#scopehal on 2023-09-12 — irc logs at libera.irclog.whitequark.org

2022-03-25 21:41 azonenberg changed the topic of #scopehal to: libscopehal, libscopeprotocols, and glscopeclient development and testing | https://github.com/glscopeclient/scopehal-apps | Logs: https://libera.irclog.whitequark.org/scopehal

00:27 t4nk_freenode has quit [Quit: ZNC 1.8.2 - https://znc.in]
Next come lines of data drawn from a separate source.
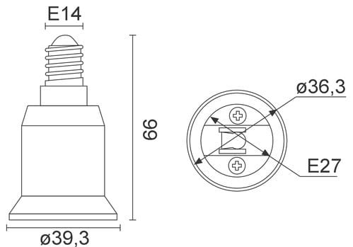 ** Caratteristiche Generali ** Attacco A: Maschio E14 Attacco B: Femmina E27 ** Caratteristiche Elettriche ** Tensione max: 240V Corrente max: 2A ** Caratteristiche Meccaniche ** Materiale corpo: Plastico ** Caratteristiche Termiche ** Temp. di funzionamento: 0 / 35°C
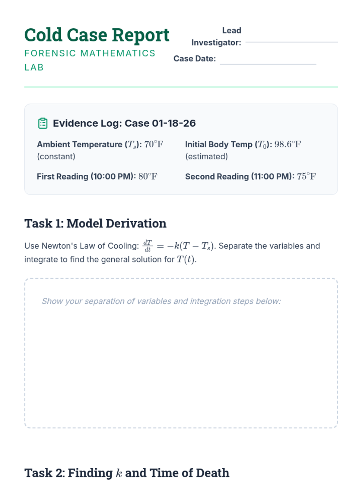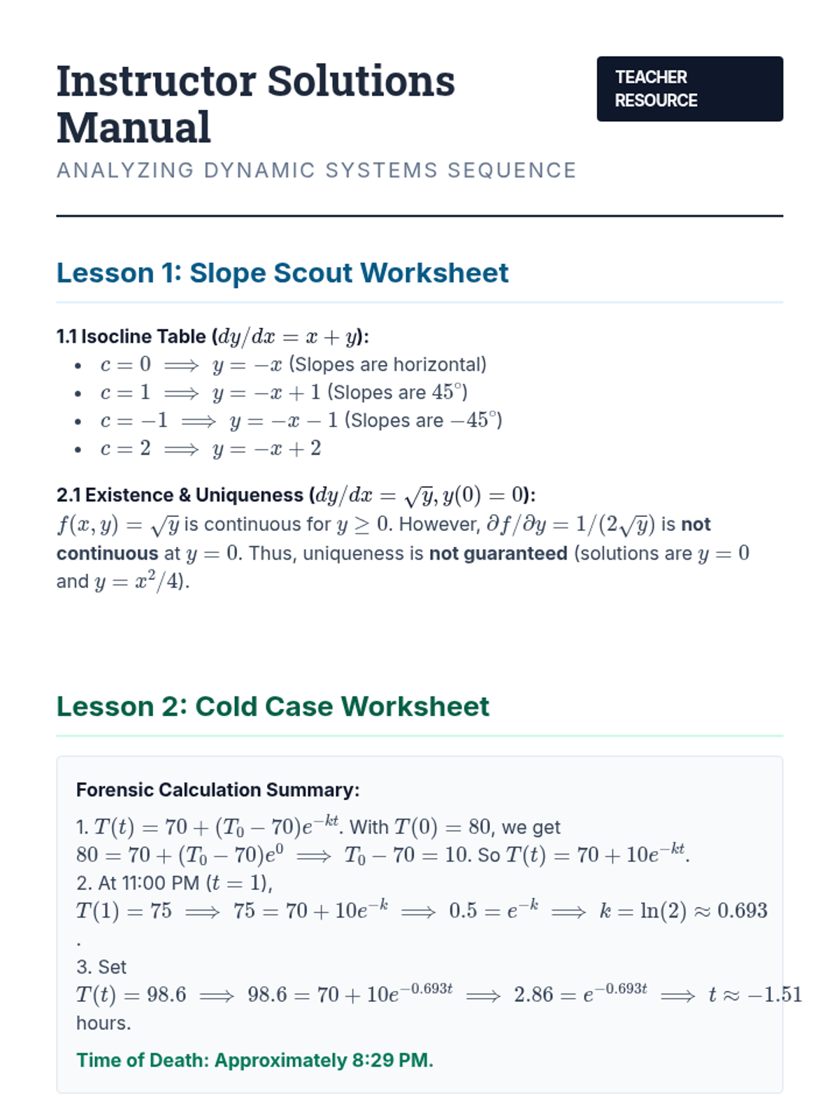 This sequence introduces undergraduate students to first-order differential equations through geometric visualization, analytical solving techniques (separation, integrating factors), and real-world modeling of thermal, biological, and electrical systems.
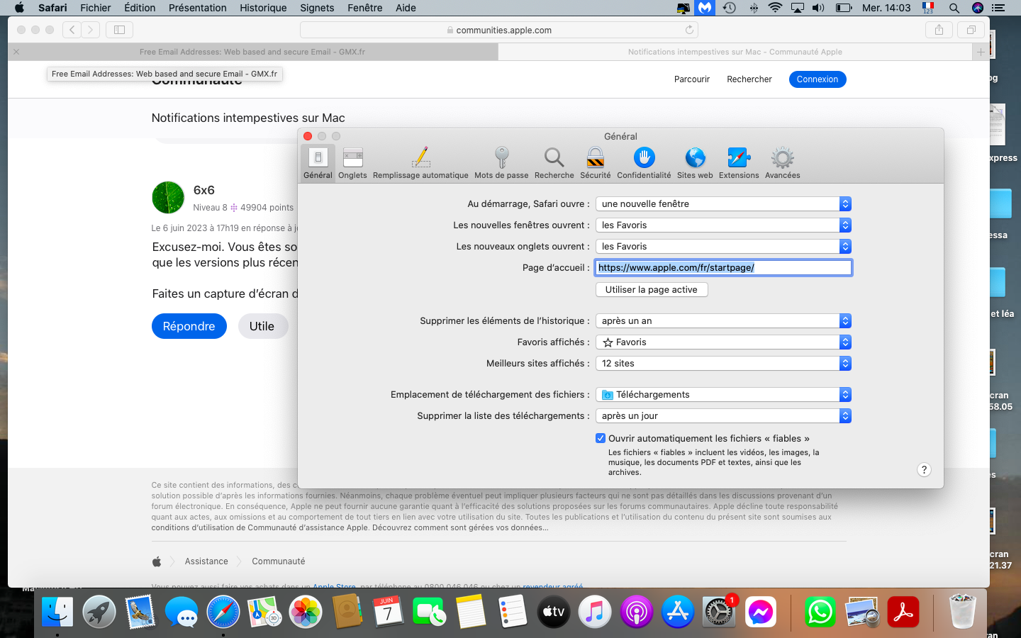 De plus, si vous voyez les notifications, j'ignore totalement de quel site elles me viennent. Lisez-les attentivement, ce sont toujours les mêmes. Je ne vois pas de QUI elles proviennent. Merci de votre aide. C'est très agaçant et envahissant. Je crois que c'est Mac Keeper qui envoie ça. Quand j'ai cliqué sur le post de FB Mac Keeper s'est ouvert, j'ai vite tout fermé mais c'était trop tard. Je ne sais que faire.

00:29 t4nk_freenode has joined #scopehal

00:29 azonenberg has joined #scopehal

00:34 veegee has joined #scopehal

00:47 <azonenberg> Welp

00:47 <azonenberg> Back online after an unplanned lab shutdown lol

00:47 <azonenberg> Hit the UPS bypass switches in the wrong order and Bad Things(tm) happened

00:48 <azonenberg> Appears the only casualty was a hepa air cleaner and the aging SBC I was using as a serial console server

00:48 <azonenberg> anyway, since everything was down I put the GPUs in the xen server

00:48 <azonenberg> Attached one to a VM and it enumerates but i'm still testing to see if i'll have full vulkan etc in the VM

00:48 <azonenberg> (gotta finish bringing other services online still)

00:56 benishor_ has joined #scopehal

00:56 benishor has quit [Quit: tah tah!]

00:56 benishor_ is now known as benishor

00:56 <Darius> oops

00:56 Degi_ has joined #scopehal

00:56 Degi has quit [Ping timeout: 246 seconds]
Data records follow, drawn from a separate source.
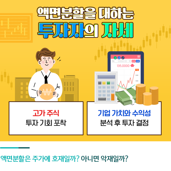 개인 투자자 입장에서는 기업의 액면분할이 고가주에 투자할 기회가 되기도 하는데요. 액면분할로 고가주의 가격이 낮아졌다고 무작정 투자하는 것은 금물입니다. 액면분할 자체만으로 기업의 펀더멘털이 바뀌는 것은 아니기 때문에 기업의 가치와 수익성 등을 종합적으로 분석해 투자를 결정해야 한다는 것이 전문가들의 조언입니다.
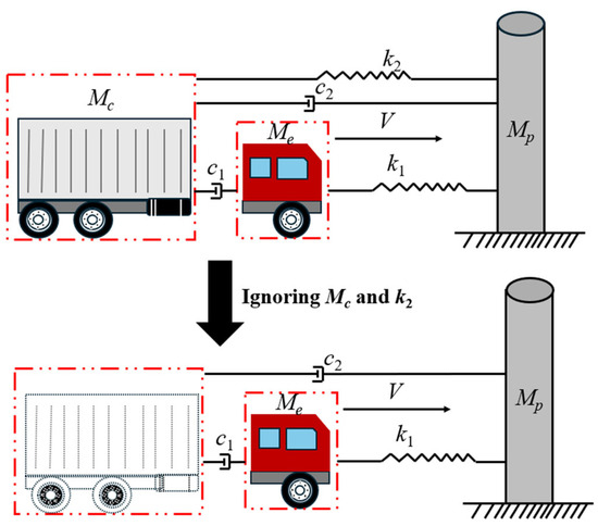 Previous research [46] showed that due to the low stiffness of the outer surface of the vehicle, the vehicle surface was squeezed and deformed quickly during the collision. However, the stiffness of the engine exposed during the collision is much greater, and its impact response to the bridge pier is more significant than that of other components. In this case, the engine can be approximated as a point load relative to the scale of the bridge pier. To balance computational efficiency with accuracy, this paper adopted a two-degrees-of-freedom (2-DOF) mass-spring model proposed in references [47,48] to simulate the collision process between the vehicle and the bridge pier. This 2-DOF model is a simplification of the three-DOF model, ignoring the mass of the cargo and the deformation stiffness between the cargo and the bridge pier. Figure 1 illustrates the simplification process, where Me, Mc, and Mp represent the equivalent mass of the engine, cargo, and bridge pier, respectively. The parameter c1 represents the damping between the engine and the vehicle due to deformation and compression, while c2 represents the damping between the vehicle and the bridge pier due to deformation and compression of the remaining vehicle components. k1 is the deformation stiffness between the engine and the bridge pier, and k2 is the deformation stiffness between the vehicle cargo and the bridge pier.
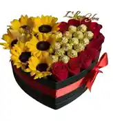 Caja en forma de corazón con 9 rosas, 6 girasoles y 18 chocolates con una mariposa Nota: La flor puede ser sustituida dependiendo la disponibilidad de color y del producto “Mensaje Personalizado” máximo de 30 caracteres (Dejar el mensaje en el chat, los comentarios no se previsualizan para la tienda por lo que si se dejan allí no podrá ser incluido).
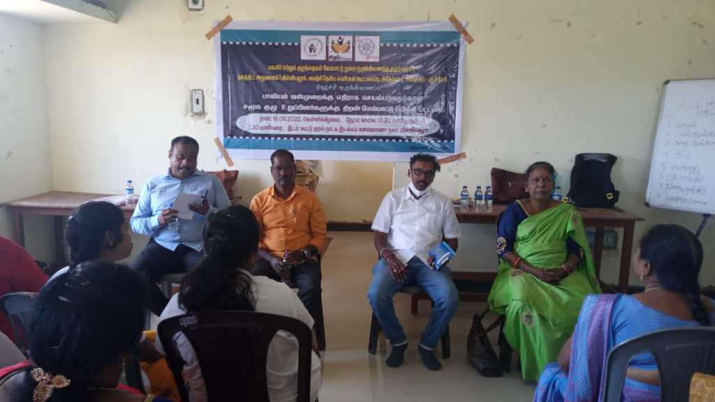 Sep 16. Puducherry. On behalf of Department of Women and Child Development ,Integrated Child Welfare Program Office Villianur, Maitri National Federation of Women, ADECOM Network and Pen oli Kudam, organized CBO’s Capacity Building training on Violence Against Women at Villianur Puducherry.

00:56 Degi_ is now known as Degi

01:55 <d1b2> <azonenberg> @johnsel

01:55 <d1b2> <azonenberg> https://cdn.discordapp.com/attachments/776941750291267595/1150972799020695584/ngscopeclient-in-vm.png

01:55 <d1b2> <johnsel> in a vm?

01:55 <d1b2> <azonenberg> That's a xen instance, yes

01:55 <d1b2> <johnsel> hurray

01:55 <d1b2> <johnsel> shame after all my hours you took this moment of glory away from me

01:55 <d1b2> <azonenberg> One card is currently attached to that vm, one is free. one of the amd cards is present in the chassis but i think that pcie slot is unavailable due to conflicts with the m.2 or something

01:55 <d1b2> <johnsel> but I'm not complaining

01:56 <d1b2> <johnsel> well, I am, lol, but still :p

01:56 <d1b2> <azonenberg> all i had to do was disable nouveau and throw the nvidia blob on it

01:56 <d1b2> <azonenberg> anyway that's one of my test instances that i'll shut down shortly. the second card is currently uncommitted

01:56 <d1b2> <azonenberg> let me know if you need me to attach a card to a vm for you, i forget if you can do that

01:56 <d1b2> <johnsel> yeah NVidia drivers are pretty great nowadays under Linux, they stuffed everything in the on-device firmware

01:57 <d1b2> <azonenberg> yeah i was impressed. i remember going amd originally for this box because of how anti-virtualization nvidia had been

01:57 <d1b2> <johnsel> yeah it's a shame AMD is lagging behind so much on this front

01:57 <d1b2> <azonenberg> anyway, one step closer to working CI

01:57 <d1b2> <azonenberg> let me know what support if any you need

01:57 <d1b2> <johnsel> they seem much more interested in putting their SoCs in Teslas

01:58 <d1b2> <johnsel> yes I do need your help getting it attached

01:58 <d1b2> <johnsel> I have permission to them but can't seem them due to the stupid UI

01:58 <d1b2> <johnsel> unless they patched that

01:58 <d1b2> <johnsel> which our repo based instance of the management software doesn't allow

01:59 <d1b2> <johnsel> let me get connected to the VPN real quick and let you know what I need

02:13 <d1b2> <johnsel> can you pm me the ip address of 'my' xoa instance?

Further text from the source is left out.